A balanced business is an integral part of your life, not something extra.

That’s why today, I decided to go a bit deeper and present to you my once-every-day business and life planning process.

DISCLAIMER: I’m not a professional business plan advisor (is that even a profession?), and this is nothing more than the process I use for maintaining my own business plan. So, take from it what you find useful, use it abs a building block for your own model, and comment on it so I can further improve my approach.

OK, now that that’s out of the way, let’s move forward.

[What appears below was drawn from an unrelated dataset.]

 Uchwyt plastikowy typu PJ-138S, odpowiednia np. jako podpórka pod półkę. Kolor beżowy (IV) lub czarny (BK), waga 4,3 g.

There are a few key principles that define how I see my business plan:

  1. A balanced life contains a good career, and a rewarding career contains a rewarding life
  2. Your life is personal, and so is your career, or business. It has to match your values, dreams and goals. No one else can pick those for you.
  3. By trying things and documenting what you do, you learn new and better ways to define what your personal career should look like.
  4. By planning, you get yourself moving and trying things.
  5. …and soon you’re planning again

I’m not a big fan of long and thorough business plans, because I see them more as planning than action.

I want my business plan to be alive.

To be something I come back to daily to see how my understanding on life has evolved, and how well my business is reflecting those ideas.

The plan

This is the first time I present my model in public, so bear with me (and really, I’m all ears for comments and improvement ideas).

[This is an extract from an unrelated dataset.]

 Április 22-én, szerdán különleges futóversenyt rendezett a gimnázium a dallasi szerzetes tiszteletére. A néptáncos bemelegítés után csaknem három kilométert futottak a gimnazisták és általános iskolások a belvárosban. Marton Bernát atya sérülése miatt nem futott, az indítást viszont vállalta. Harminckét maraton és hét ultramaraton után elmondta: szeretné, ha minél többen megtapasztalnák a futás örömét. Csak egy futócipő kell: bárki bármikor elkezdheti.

The plan is actually a collection of goals, an evaluation of where I am today and a description of my current understanding of how to reach my goals. I usually don’t have all of it written on paper because the plan lives in my head, growing and shrinking, until every now and then, I spend some time plotting it on paper. Quite a few separate, small pieces of paper, in my case.

1. Dreams

1. Dreams

Like I said in an earlier post in this series, I am a dreamer.

I love to dream big (“I would love to be able to provide an amazing working environment for a few people”).

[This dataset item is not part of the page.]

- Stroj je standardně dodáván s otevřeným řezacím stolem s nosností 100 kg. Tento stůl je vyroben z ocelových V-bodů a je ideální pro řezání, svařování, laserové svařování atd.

I love to dream small (“Aww… That MacBook would be such a great thing to have”).

I love to dream about work (“It would be so great to write a book”).

I love to dream about life (“I want to go to Japan”).

And in many cases, the work and life dreams are the same (my biggest dream is that I would be able to work from anywhere I want to).

I collect a list of dreams (big, small, important, not so important) on which I write everything that comes to mind. From that list, I can then easily identify the most important, or most urgent ones to work on as well as some easy ones that I can reach quickly.

My current number one dream is to be free from location and work from anywhere I choose to (which in my case means more or less the same thing as working from home). And the small, practical one that keeps me motivated is the new MacBook hiding just behind the corner.

Ask yourself the following questions:

  1. What are your dreams?
  2. How have they evolved since the last time you looked at your plan?
  3. Is there something that doesn’t seem to go away? (If so, that’s a good candidate to your big, guiding dream)

Write down your answers so that the next time you are unsure of why you are doing the things you do, you can come back to your list of dreams and see the reasoning.

2. Making a difference

2. Meaning

I want my life to have meaning.

I don’t care about death that much, but before I die, I want to be able to say that I tried to do the things I was meant to do.

It’s no secret that I’m Christian. I believe that God has a plan for me, and that’s why I want to spend time looking for clues, for finding out that plan. (One of my big business heroes, Phil Vischer, has written a few good blog posts on this topic)

But even if you don’t share my faith, I’m sure you believe in something. Peace? Eradicating poverty? Stopping global warming? Globalization?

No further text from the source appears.